Now, for the disclaimer part. Spicebush is a straightforward find but comes with a warning label. If you’re pregnant or suspect you are, skip the teas. Historically, it was used to “bring on delayed menses,” a phrase that might also mean “causes abortions,” though not always. No reports suggest it causes abortions in healthy pregnancies, but it’s always better to be cautious. The stem bark might have cytotoxic activity, though unproven, and it’s been an “as needed” remedy for American Indians throughout history. Like with any medicinal plant, moderation is key—no marathon drinking of teas or tinctures.

Let’s dive into its properties. The stem bark helps treat Candida albicans, the pesky fungus causing yeast infections in various body parts. Berries are multitaskers—ointment for rheumatism and bruises, allspice substitute in foods, and a flavor booster in teas. Some folks might not dig the flavor, though.

The twigs bring a host of properties—antiviral, antibacterial, vermifuge, diaphoretic—making them useful for things like syphilis, measles, yeast infections, tuberculosis, worms, fever, and even as a spring tonic. Just be cautious with decoctions; they might trigger sweating or, in extreme cases, vomiting. Given its vermifuge quality, too much might lead to a date with diarrhea.

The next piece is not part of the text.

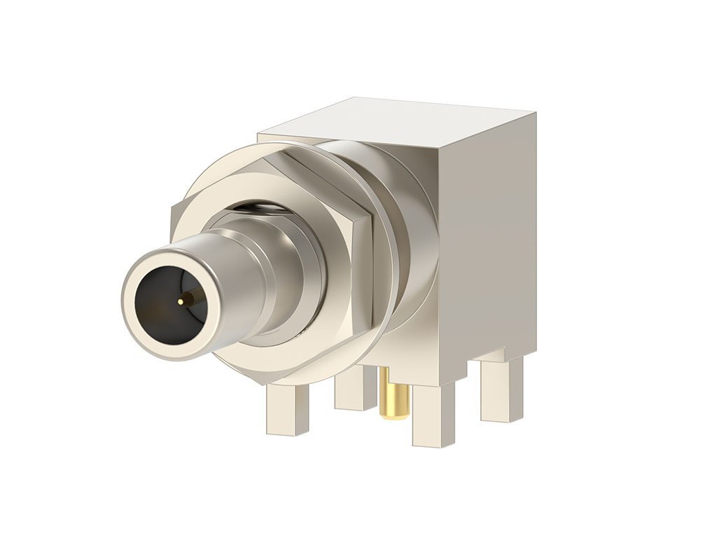 SMB Jack, Right-Angle, Through Hole, with Nut and Lockwasher, Tray, 50 Ohms

For harvesting, grab the twigs, especially the tips of small branches before leaves sprout and the berries when they turn bright red in fall. Drying is the way to go, but freeze the berries to keep the oils from going rancid.

How to use this powerhouse? Well, whip up an ointment with the berries for bruises and rheumatism, and throw in some elderberry leaves and Beebalm for a potent healing balm.

Spicebush Healing Berry Ointment:

Ingredients:

  • 1/2 cup Spicebush berries
  • 1/4 cup Elderberry leaves
  • 1/4 cup Beebalm flowers and leaves
  • 1 cup Coconut oil

Instructions:

  1. Infuse the Spicebush berries, Elderberry leaves, and Beebalm in coconut oil: Combine them in a heatproof jar and heat in a double boiler for 1-2 hours.
  2. Strain the oil to remove plant material.
  3. Allow the oil to cool slightly but not solidify.

Apply the oil to bruises and rheumatic areas. Store in a cool, dark place.

Concluding

Exploring the diverse and beneficial qualities of Red Clover, Beebalm, All-Heal, Purple Coneflower, and Spicebush reveals a world of natural remedies and culinary delights. From healing teas and soothing salves to calming infusions and nourishing salads, these plants offer a holistic approach to well-being. Embracing their unique properties can enhance both our physical and mental health.